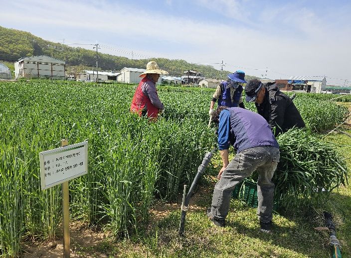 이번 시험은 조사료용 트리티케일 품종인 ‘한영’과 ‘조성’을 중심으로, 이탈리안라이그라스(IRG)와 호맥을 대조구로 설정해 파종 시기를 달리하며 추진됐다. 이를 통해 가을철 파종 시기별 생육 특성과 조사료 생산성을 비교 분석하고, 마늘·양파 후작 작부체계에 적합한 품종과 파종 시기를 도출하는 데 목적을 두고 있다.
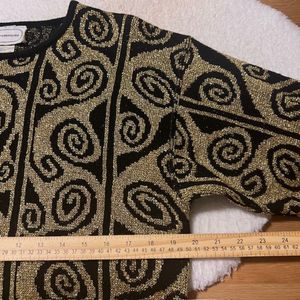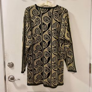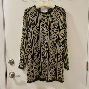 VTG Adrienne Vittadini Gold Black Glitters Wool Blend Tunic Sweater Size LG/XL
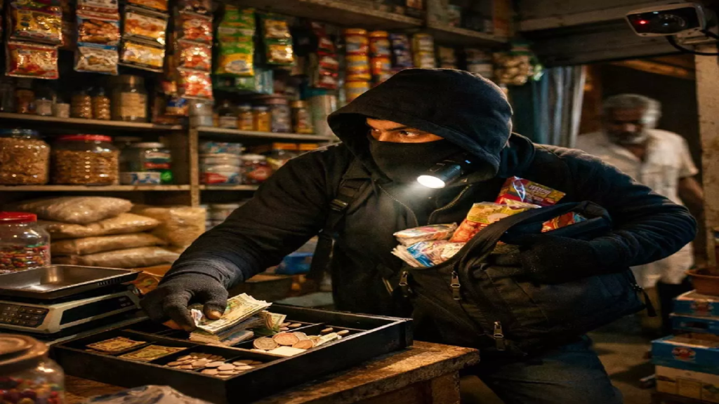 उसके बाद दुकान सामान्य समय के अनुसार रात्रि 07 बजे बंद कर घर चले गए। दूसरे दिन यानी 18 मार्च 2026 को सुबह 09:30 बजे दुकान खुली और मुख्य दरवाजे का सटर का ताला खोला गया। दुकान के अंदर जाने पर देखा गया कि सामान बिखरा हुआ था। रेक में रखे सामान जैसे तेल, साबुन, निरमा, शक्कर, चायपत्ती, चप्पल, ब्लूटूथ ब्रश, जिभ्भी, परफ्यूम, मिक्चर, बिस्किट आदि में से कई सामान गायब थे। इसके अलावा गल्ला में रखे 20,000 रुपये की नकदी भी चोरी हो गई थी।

* * *

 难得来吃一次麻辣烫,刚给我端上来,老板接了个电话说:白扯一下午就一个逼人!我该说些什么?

● Work instructions
Nothing outside the stretch above, from the line with "이번 시험은 조사료용" through the line with "VTG Adrienne Vittadini", is set down. Transcribe that stretch exactly, ends included, but not its pictures.

● The answer
 이번 시험은 조사료용 트리티케일 품종인 ‘한영’과 ‘조성’을 중심으로, 이탈리안라이그라스(IRG)와 호맥을 대조구로 설정해 파종 시기를 달리하며 추진됐다. 이를 통해 가을철 파종 시기별 생육 특성과 조사료 생산성을 비교 분석하고, 마늘·양파 후작 작부체계에 적합한 품종과 파종 시기를 도출하는 데 목적을 두고 있다.
 VTG Adrienne Vittadini Gold Black Glitters Wool Blend Tunic Sweater Size LG/XL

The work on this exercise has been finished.